TERENCE T. EVANS, Circuit Judge.
Michael J. Brooks, who pled guilty to a charge of conspiracy to distribute cocaine, challenges two aspects of his sentence on this appeal. His first claim is that a 1993 state conviction for selling cocaine (in 1991) was not a "prior sentence" for purposes of calculating his criminal history category under the federal sentencing guidelines. His second claim is that the district judge erred when he ordered Brooks to repay $10,550 the government used to buy cocaine from Brooks and his coconspirators during the course of the conspiracy.
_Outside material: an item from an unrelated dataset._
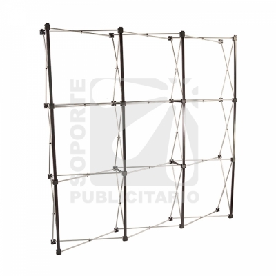 El Panel Araña PAI Recto 4 Cuerpos tiene como principal característica generar entornos con una óptima visualización de gráfica en base un sistema de fácil armado y desarmado. La estructura es plegable quedando muy compacto para transportar. Está fabricado con aluminio de alta calidad y se compone de 5 partes (Estructura, conectores metálicos, fijaciones superiores, láminas de PAI, Focos y carro de transporte).

Under the guidelines a sentencing judge must increase a defendant's criminal history level for specified prior sentences. U.S.S.G. § 4A1.1. A prior sentence is defined as "any sentence previously imposed ... for conduct not part of the instant offense." U.S.S.G. § 4A1.2(a)(1). Our first issue today is whether the district judge erred in increasing Brooks' criminal history level after he determined that Brooks' prior state felony conviction was not related to the conspiracy charge for which he was being sentenced. We review this finding for clear error.
Brooks sold an ounce of cocaine to an undercover Illinois police officer in January 1991 and was busted for the sale 3 months later. This was not the first time he sold drugs, for he testified later that he started dealing in 1988 or 1989 when he was 16 years old. He was convicted on the state felony drug dealing charge in 1993 and sentenced to serve a term of 4 years. He was supposed to begin serving this sentence on April 30, 1993, but he took a "vacation" (he went to Mississippi) instead and didn't get around to reporting to prison until August 16, 1993. Then, after doing less than 9 months of his 4-year sentence, Brooks was released from custody and put on electronically monitored home confinement. This occurred on April 30, 1994.
The charge in this case to which Brooks pled guilty said the cocaine selling conspiracy existed "from about March 1993 or before, ... through at least October 25, 1994." Brooks argued at his sentencing hearing in this case that his 1991 sale was actually part of the charged conspiracy to which he had pled guilty, so the ounce of cocaine he sold to the Illinois agent should have been added to his "relevant conduct" in determining his base offense level. It should not count, he said, as a prior sentence on the criminal history side of his ledger.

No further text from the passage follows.